● **HOW TO COMPLETE THIS TASK**:
Take nothing but the lines from the one with "Společenský ples Města" through the one with "今回は猟師の憲ちゃん自ら猪鍋を・・" in the entries below, both ends kept, and return them exactly with pictures left out.

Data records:
╔══

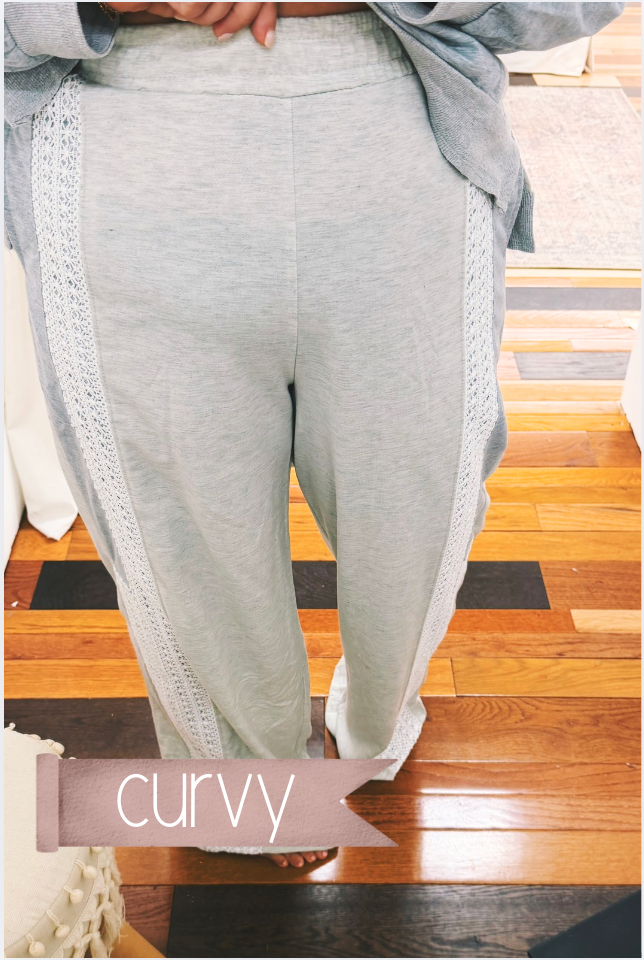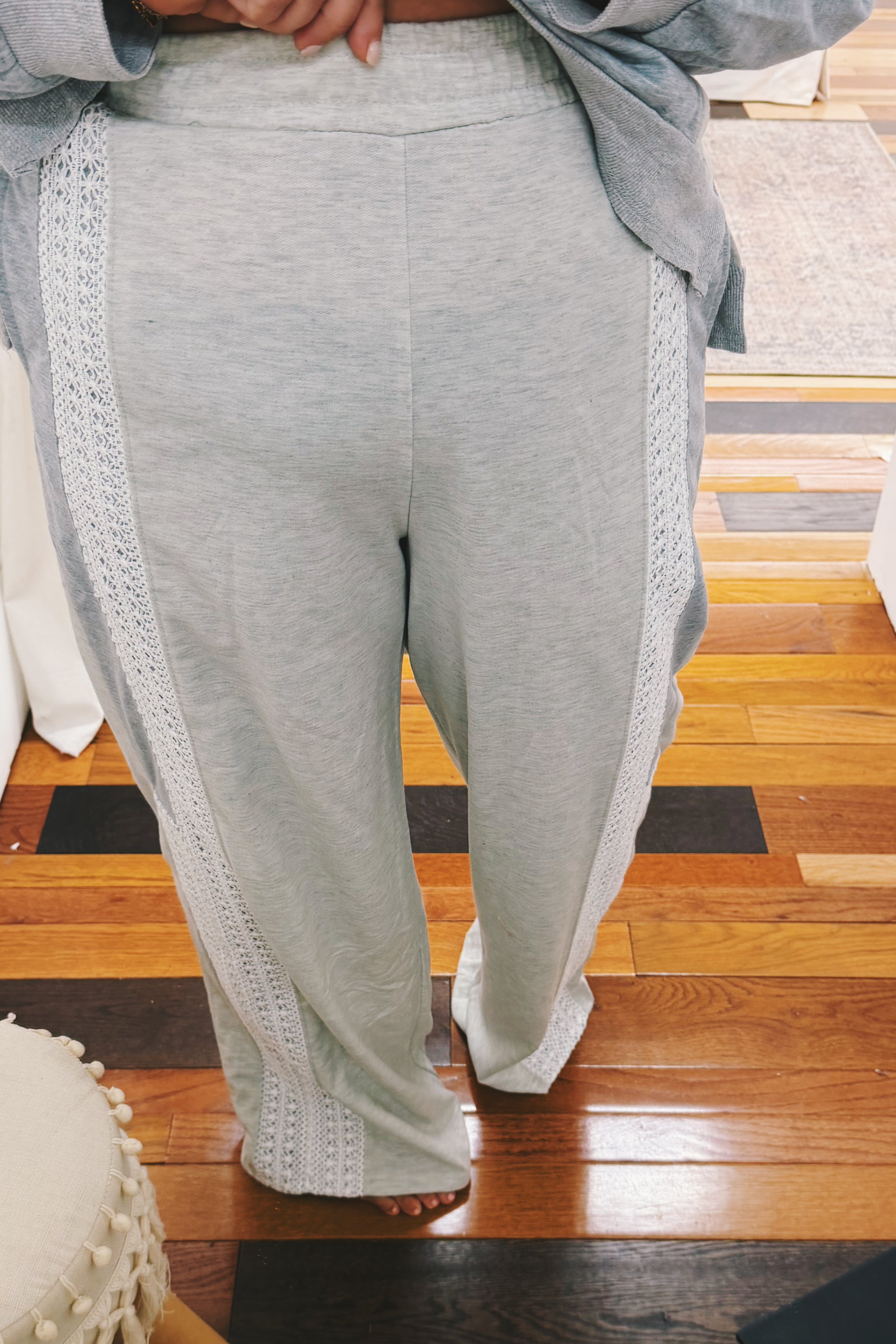 Cozy meets cute with the Clarissa Lace Trim French Terry Sweatpants. Soft French terry in heather gray with a fun colorblock design and delicate lace trim—because who says sweatpants can't be a little fancy? The relaxed wide-leg fit and elastic waist mean maximum comfort, while the girly details keep things playful. Your new go-to for looking effortlessly put-together while feeling like you're wrapped in a hug.
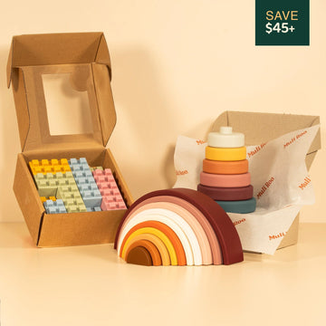 Discover over 1000 different stacking combinations with the Rainbow Roo (Classic). From simple towers to complex structures, kids will never fail to amaze us with their imaginations with this toy. Made from high-quality, food-grade silicone, this stacker ensures durability for years of play. The muted tones and organic shapes offer a nice aesthetic that complements almost any playroom or nursery.
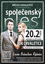 Společenský ples Města Chvaletice v pátek 20.2.2026 od 20 hodin. K tanci a poslechu hraje Laura Bohuslava Ryšánka. Bohatá tombola!
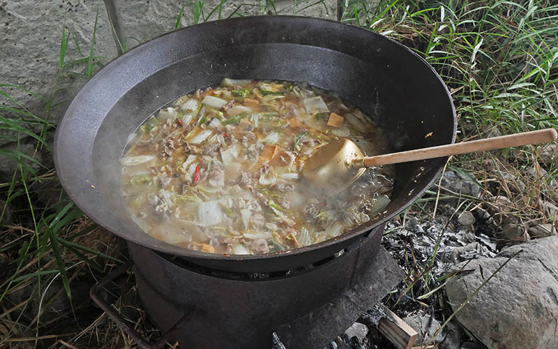 今回は猟師の憲ちゃん自ら猪鍋を・・
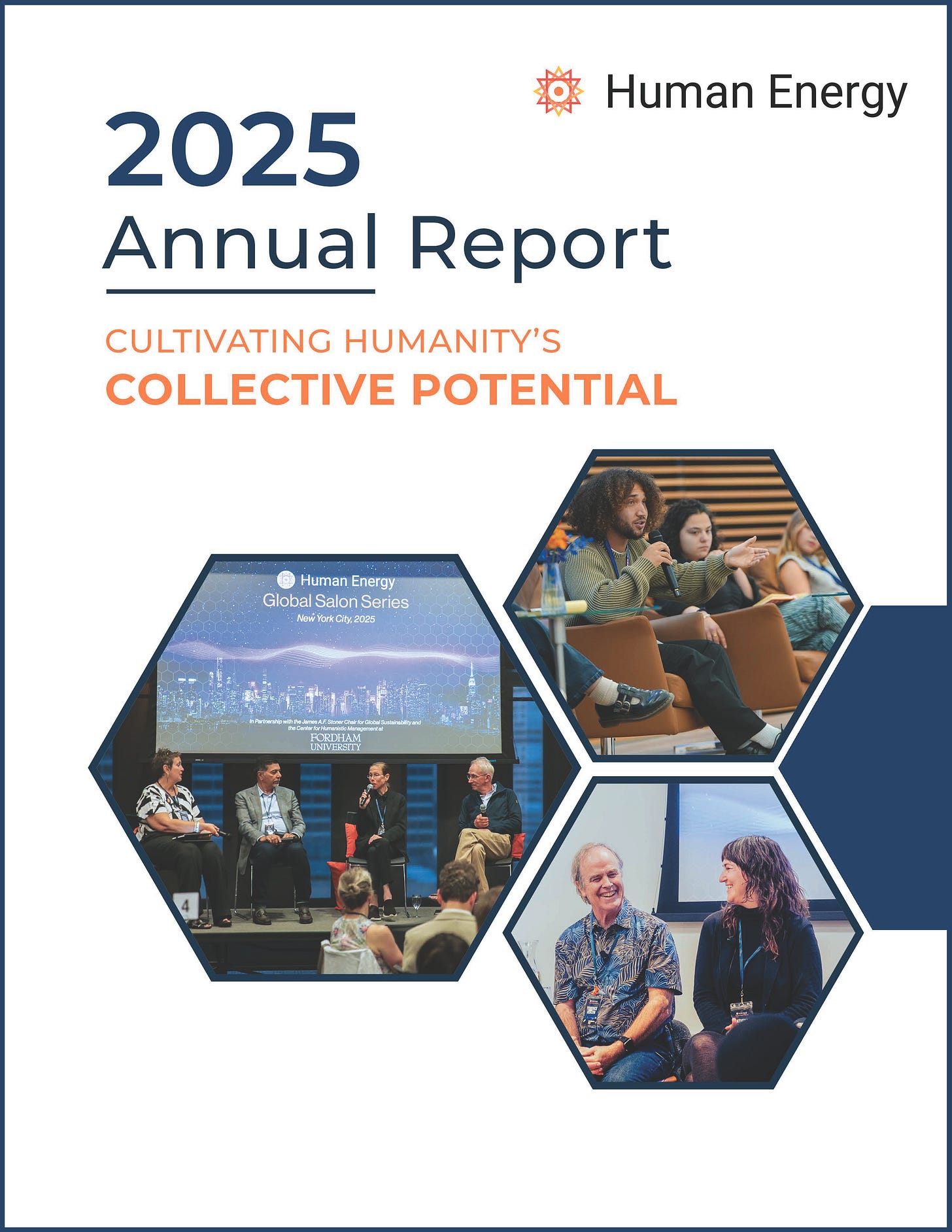 I am deeply grateful for the people who make this work possible. Our team brings rigor, creativity, and care to an ambitious undertaking that bridges research, education, media, and events. Our partners and collaborators-across disciplines, sectors, and generations sharpen our thinking and expand our capacity, helping Human Energy to operate as more than the sum of its parts. And our supporters make it possible to do work that is long-term in orientation, strategically built, and growing in global recognition and impact.

╚══

● **RESULT**:
 Společenský ples Města Chvaletice v pátek 20.2.2026 od 20 hodin. K tanci a poslechu hraje Laura Bohuslava Ryšánka. Bohatá tombola!
 今回は猟師の憲ちゃん自ら猪鍋を・・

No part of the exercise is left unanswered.